• The Four Hundred
  • Subscribe
  • Media Kit
  • Contributors
  • About Us
  • Contact
Menu
  • The Four Hundred
  • Subscribe
  • Media Kit
  • Contributors
  • About Us
  • Contact
  • Guru: Finding Large Files With Python

    July 15, 2019 Mike Larsen

    It’s always a good idea to purge files that aren’t needed any longer. Chances are that you already have procedures in place to purge data from Db2 files and tables, but what about files that reside in the IFS? Do you have a good solution for keeping the IFS clean?

    Perhaps you have old order files stored in the IFS. If you work for a large company, these types of files can accumulate quickly. I’ve written processes in the past to remove files from the IFS using RPG, but I’d like to offer an alternative. I’m going to show how you can use Python to search a directory in the IFS, display attributes of the file, and then delete it. To take it one more step, I’ll show how you can search for files with names that meet a certain criterion. In this example, I’m going to filter for text files.

    This story contains code, which you can download here.

    Figure 1. IFS folder with various types of documents.

    With the goal set, let’s jump right into the code. I start by importing some Python modules, as seen in the following piece of code, to help me with various tasks.

    from datetime import datetime
    import os
    import fnmatch
    

    The ‘datetime’ module helps me to display a nicely formatted date. In this example, I’m displaying the last modified date. If I don’t format the date, I’d get an Epoch date (Figure 2) that is not easily deciphered (at least for me anyway).

    Figure 2. Example of an Epoch date.

    The ‘os’ module will help me read the contents of an IFS directory. At the end of the process, I also use it to delete the file from the IFS.

    Finally, the ‘fnmatch’ module assists with ensuring I only process text files as that’s what I’ve chosen to do in my process.

    To format the date, I created a function that will be executed for each file I read in the directory.

    def convert_date(timestamp):
        d = datetime.utcfromtimestamp(timestamp)
        formatted_date = d.strftime('%d %b %Y')
        
        return formatted_date 
    

    The next (and final) section of code does the heavy lifting. I’ll show the entire snippet of code, followed by an explanation.

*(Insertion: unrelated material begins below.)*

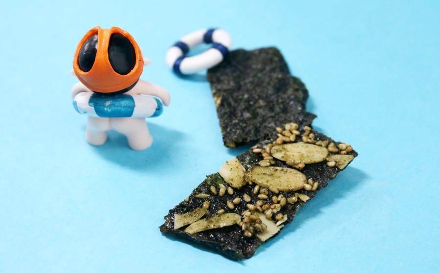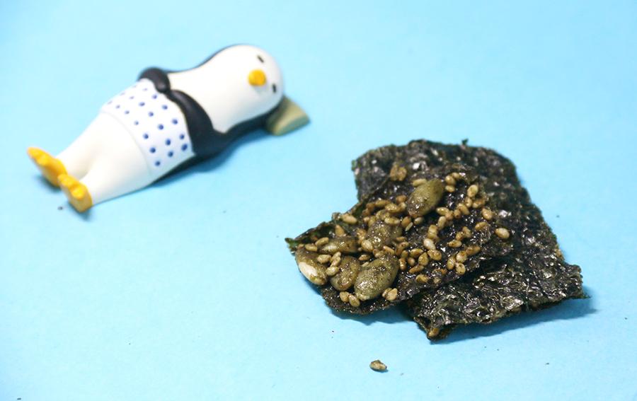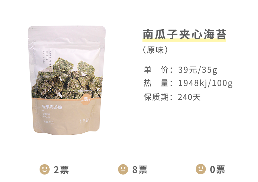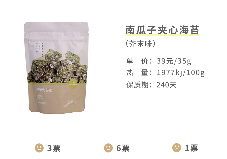 比起巴旦木的那一款夾心海苔,南瓜籽看樣子是遜色不少。總結一下探員們的發言,主要是因為南瓜籽缺少了些堅果的香氣,吃上去還有點發苦。以及,三種口味拍出來照片都長一個樣,那就只擺這么一張吧。

    dir_entries = os.scandir('/home/MLARSEN/test_folder/')
    
    for entry in dir_entries:
       if entry.is_file():
       	
          if fnmatch.fnmatch(entry.name, '*.txt'):   
          		
             info = entry.stat()
             
             # I just picked an arbitrary file size for which to look
             
             if info.st_size > 207:
                print(f'{entry.path}\t {entry.name}\t Last Modified:    {convert_date(info.st_mtime)}\t Size in bytes: {info.st_size}')
                
                os.remove(entry.path)
    

    I start by scanning the directory that holds my files. In a production process, you’d likely soft code the path, but I hard coded it here to make the example more readable.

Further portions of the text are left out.